Lexie picked me up then and stared at me. "All right, young lady. Are you going to behave yourself?"
I nodded, cheeks red, bottom on fire. I sucked my thumb miserably.
Lexie pulled my diaper back into place. Then she brushed my hair and arranged my locks into matching pigtails.
"There," she said. "Now you are absolutely adorable!"
She picked up the pacifier, dipped it in the fluid and handed it to me. I popped my pacifier into my mouth and took Mommy's hand.
*****
The grocery store was huge.
I clung to Mommy as we entered. Everybody was so big! This was crazy. I was going to get killed! Or hurt! Or something!
Lexie placed me in the cart, my little bare feet sliding into the holes until my diapered bottom hit the seat.

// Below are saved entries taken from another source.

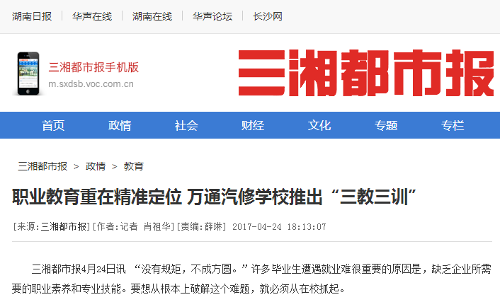 湖南萬通汽車學(xué)校結(jié)合企業(yè)管理方式,用職業(yè)規(guī)范學(xué)生,使職業(yè)成為習(xí)慣,使每一位學(xué)生在畢業(yè)后都能成為符合企業(yè)發(fā)展要求的“準職業(yè)人”。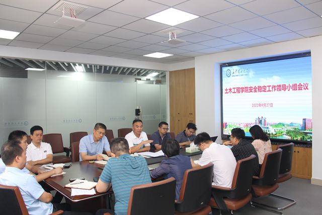 9月27日下午,土木工程学院在云塘校区工二A401会议室召开安全稳定工作领导小组会议,专题研究学院安全稳定工作,再次部署安全稳定风险排查工作。会议由副院长张永杰主持,安全稳定工作领导小组全体成员参加。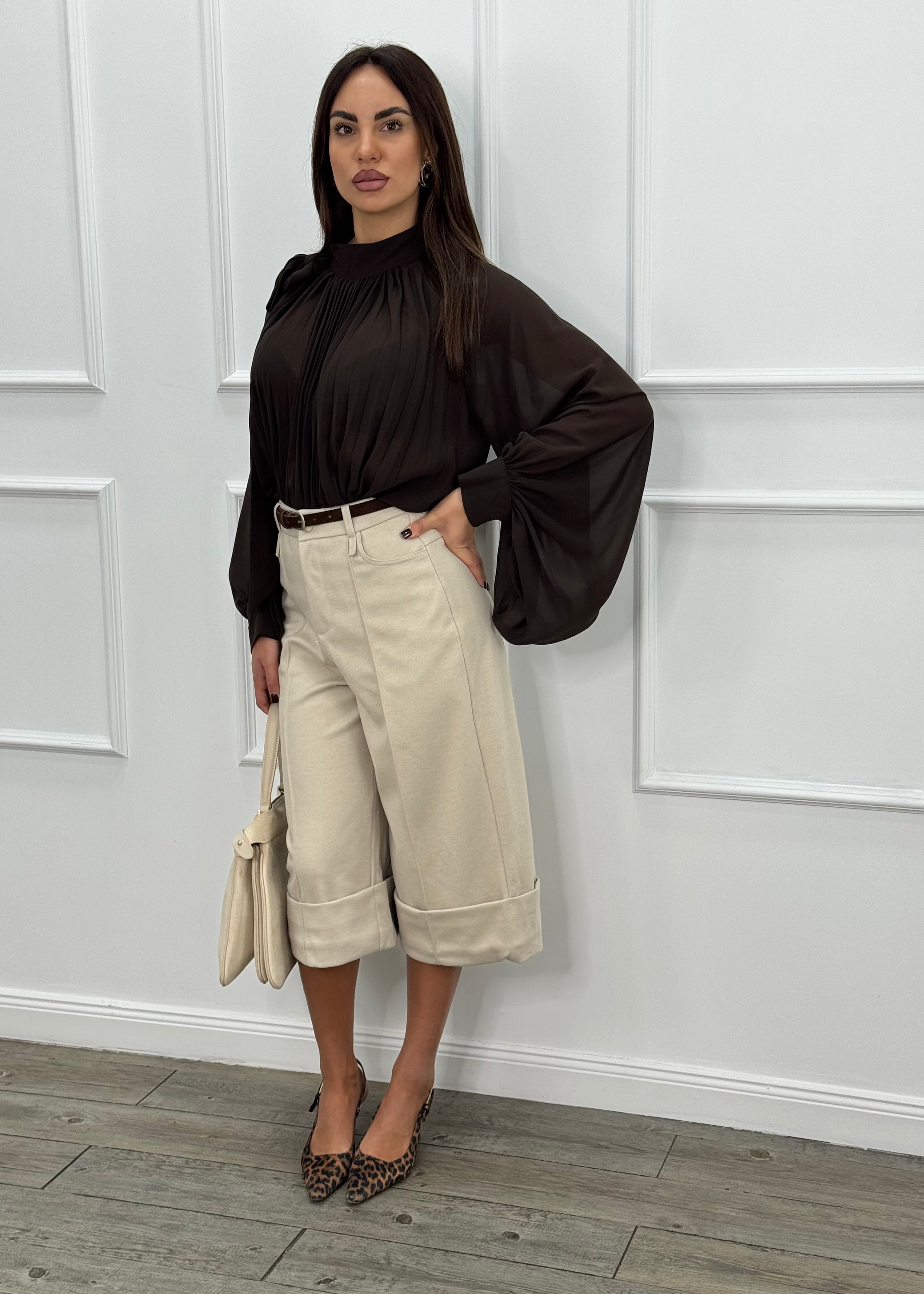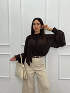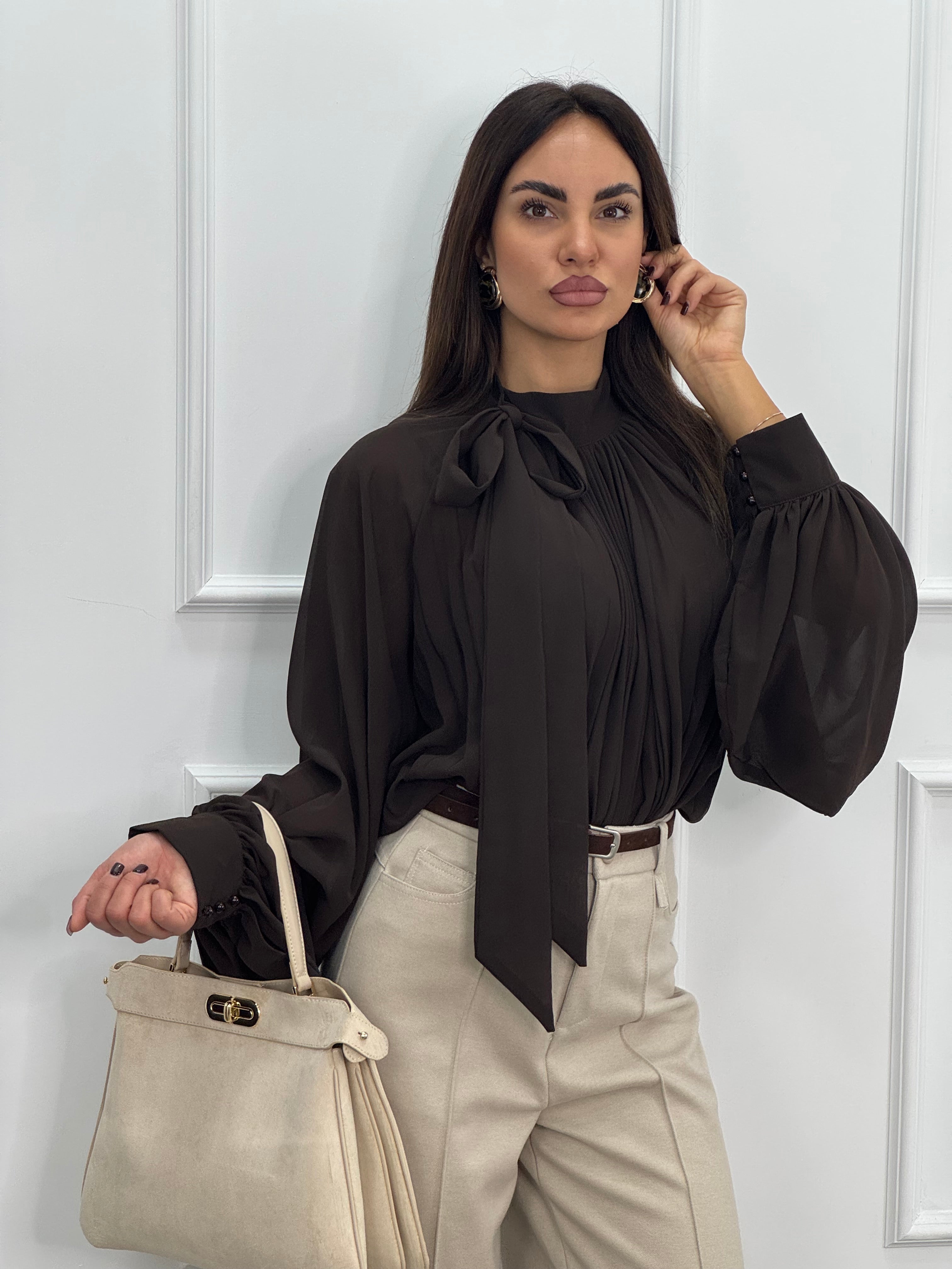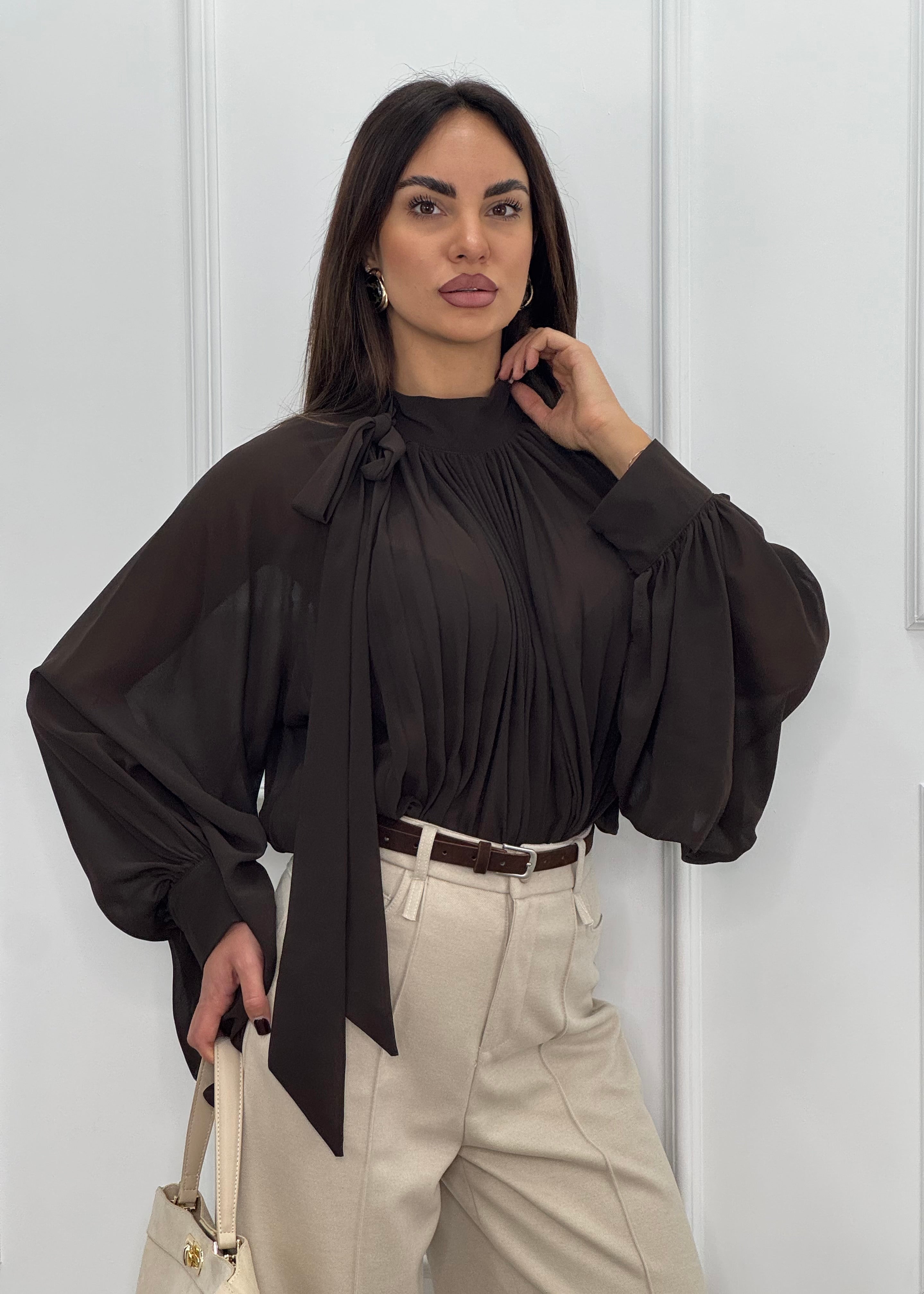 Meravigliosa camicia in georgette con Fiocco chic al collo e dettagli plissettati.

We started along the aisles. This place was crazy big! How had I ever managed to shop here?
I stayed completely quiet. I didn't want to upset Mommy again. But by the third aisle, Lexie knew something was up.
"Well, Jen-Jen," she said, sniffing the air, "I see my little girl is a poopie butt."
My cheeks burned. I couldn't even pronounce 'anxiety issues', so I didn't bother.
*****
Max was there when we got back.
"How'd it go?" he asked.
"It went fine," said Lexie. "She got a little nervous from the crowd and filled her diaper, but she behaved fine. Although she did get her first spanking this afternoon."
Lexie briefly described the spanking and Max laughed.
"Anyway," she said, "Jen-Jen seems to be right on schedule."
"Cool!" said Max.
Lexie giggled. "You hear that, doodle bug?" she said. "You're right on schedule! Keep being a good girl and you'll be allllll grown up in no time!
Schedule? What the heck were they talking about?
But then her last sentence took precedence in my mind.
All grown up.
Was there a chance I was going to get out of this mess?
I offered my prettiest smile. "Gwagahba, Mommy!" I said.
Then a wave of warmth surrounded my loins as I wet myself uncontrollably.
Lexie laughed as she dipped a bottle nipple in the fluid and popped the ba-ba into my mouth. Moments later I was nakey as Mommy changed my diaper.